▶ **PROVIDED DATA**:
=-=-=

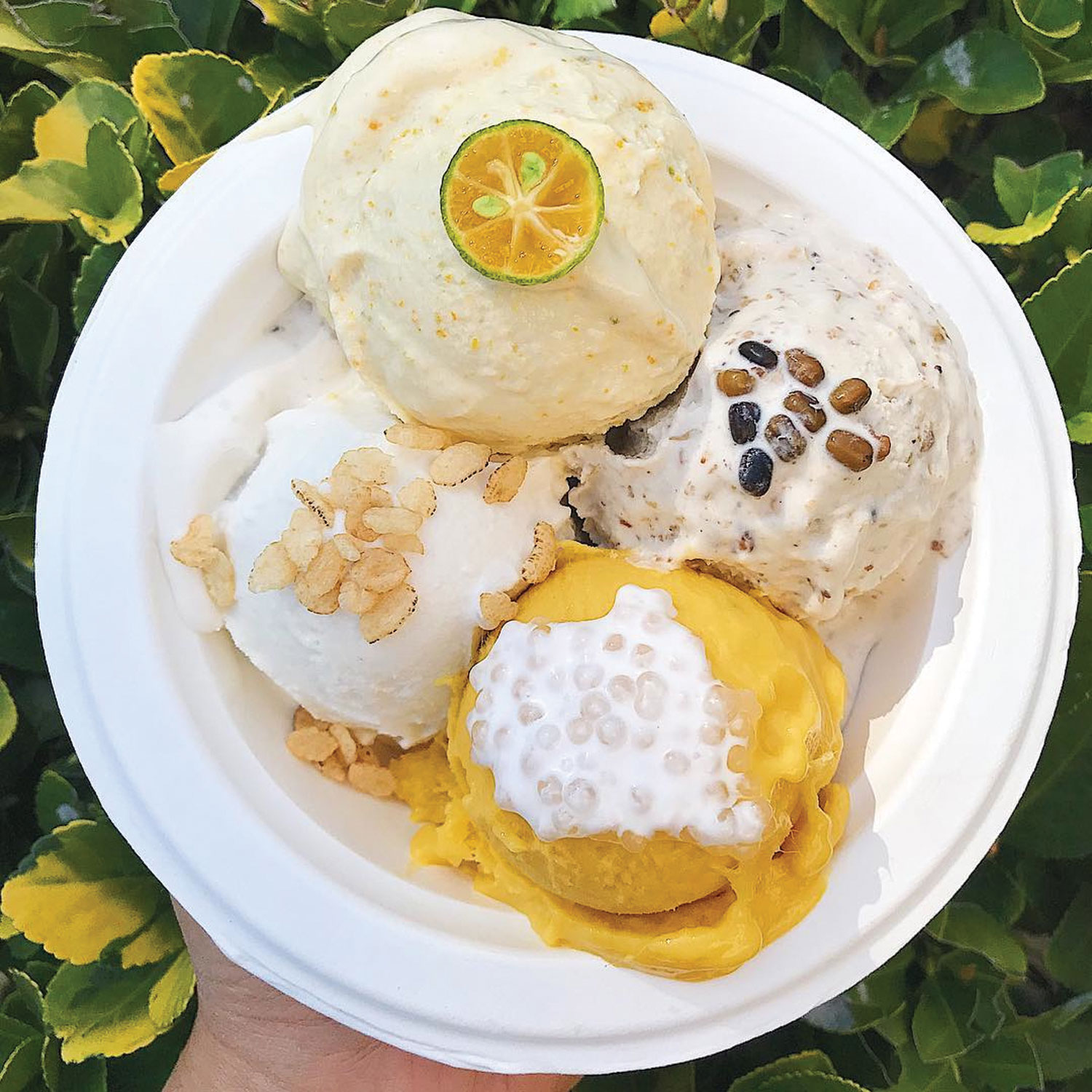 Showing her culture through dessert became that palpable route of sharing during her free time. The experimentation in late 2015 started at her childhood home in Pasadena, California, with making Filipino-inspired doughnuts, but getting the right textures proved to be a challenge. Then, came the idea of ice cream in its traditional formula with milk and eggs.
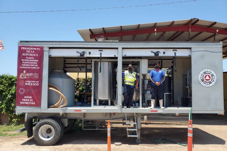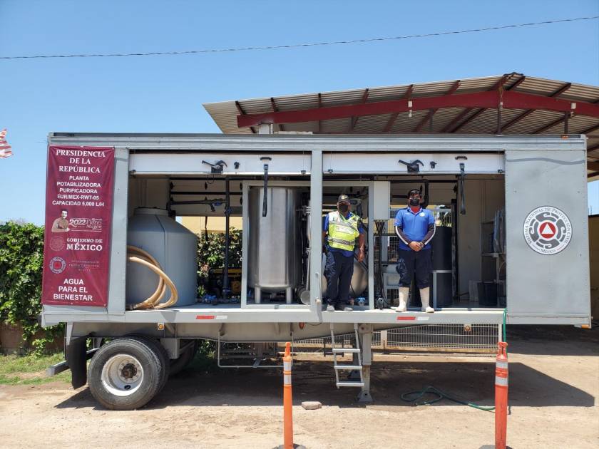 Este programa de plantas purificadoras móviles es impulsado por Gobierno del Estado para paliar la sequía y estiaje dotando de agua limpia y para consumo humano a los habitantes de comunidades donde se requiere el líquido.
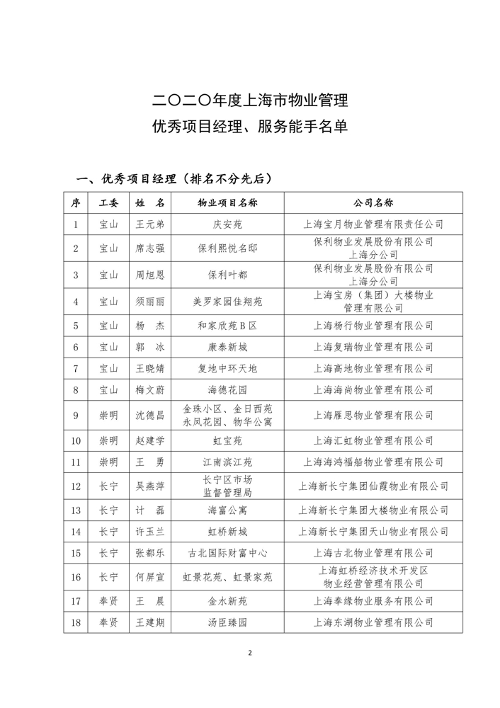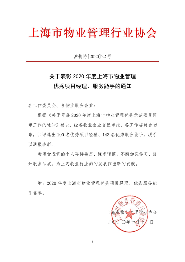 关于表彰2020年度上海市物业管理优秀项目经理、服务能手的通知
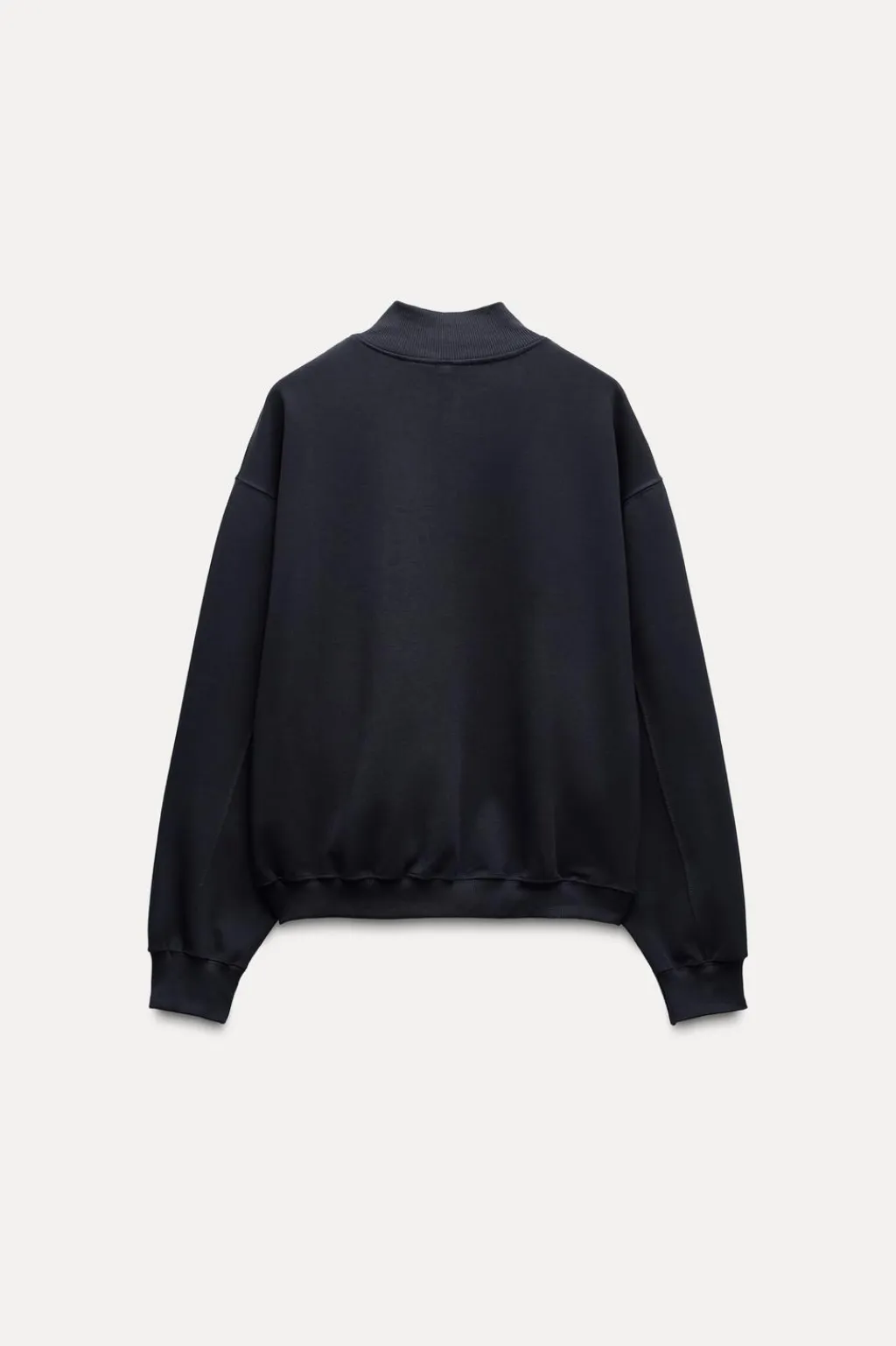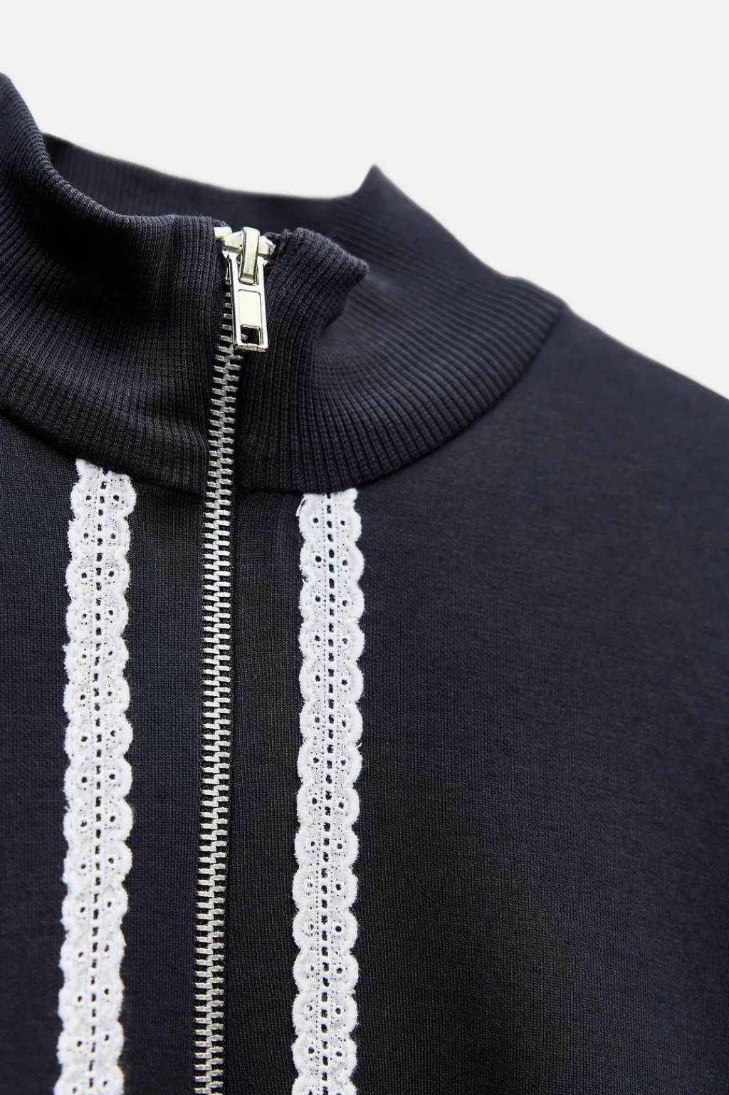 Sudadera de cuello alto y manga larga acabada en puño. Detalle de bordado y aplicación de puntilla. Cierre frontal con cremallera metálica.

=-=-=

▶ **ABOUT THIS EXERCISE**:
Write the listing above out again exactly, dropping each image.

▶ **RESULT OF THE TASK**:
 Showing her culture through dessert became that palpable route of sharing during her free time. The experimentation in late 2015 started at her childhood home in Pasadena, California, with making Filipino-inspired doughnuts, but getting the right textures proved to be a challenge. Then, came the idea of ice cream in its traditional formula with milk and eggs.
 Este programa de plantas purificadoras móviles es impulsado por Gobierno del Estado para paliar la sequía y estiaje dotando de agua limpia y para consumo humano a los habitantes de comunidades donde se requiere el líquido.
 关于表彰2020年度上海市物业管理优秀项目经理、服务能手的通知
 Sudadera de cuello alto y manga larga acabada en puño. Detalle de bordado y aplicación de puntilla. Cierre frontal con cremallera metálica.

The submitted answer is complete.